A fuzzy CMAC (cerebellar model articulation controller) neural network model based on the CA concept was given in [34, 35]. In [36], the structure of the CMAC network was incorporated into self-organizing map (SOM) to construct a self-organizing CMAC (SOCMAC) network, and based on gray relational analysis; a CA technique for SOCMAC learning was introduced to hasten the overall learning process.

In social credit assignment, the CA was viewed socially. In [7], a computational model was introduced based on the psychological attribution theory. With this computational model the social inference in human-centric societies was modelled and the human behavior was predicted. With the aid of this model, attribution variables, causality, foreseeability, intention, and coercion are also modelled. Causality is the connection between actions and effects; foreseeability is the ability of prediction of the consequence of agents; intention is the commitment to work toward a certain act or outcome; and in coercion, the agent may be coerced to act but not coerced to achieve any outcome of the action.
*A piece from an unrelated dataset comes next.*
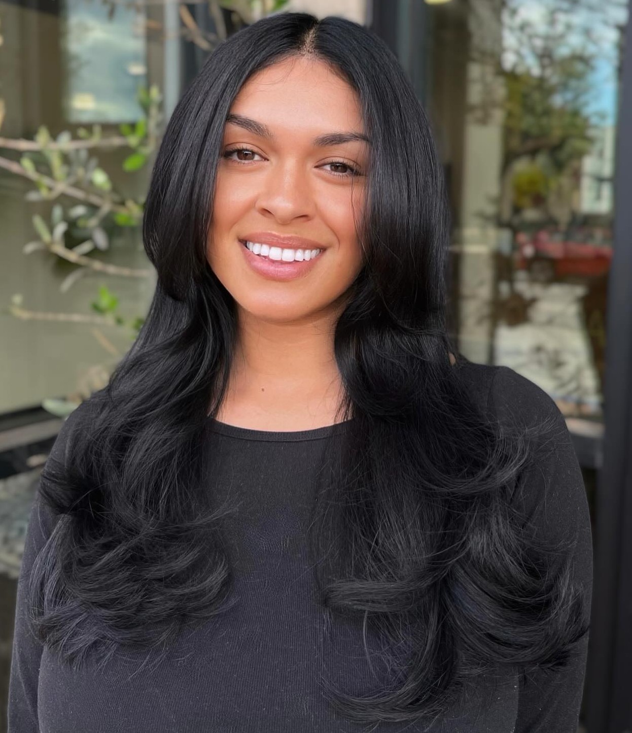 This is a fun look to try! Lavender makes a lovely color combo with super dark roots, but keep in mind that dark hair should be lightened in several stages to pull off the hue while preserving health. With a shiny finish, your flowing waves will look like pure silk! You will love the way your length shows off the hue.

In [7], the authors discussed that the proper assignment of the credit in a social setting must not only consider actions and the knowledge state of different agents, but also utilize information available to reason about key attributions that contribute to the judgement process.

In [37] a method was proposed in which in addition to local rewards, social reinforcement was also added. This method considered the case when an agent observes other agents and attempts to imitate their behavior, and vicarious rewards were given when other agents received rewards.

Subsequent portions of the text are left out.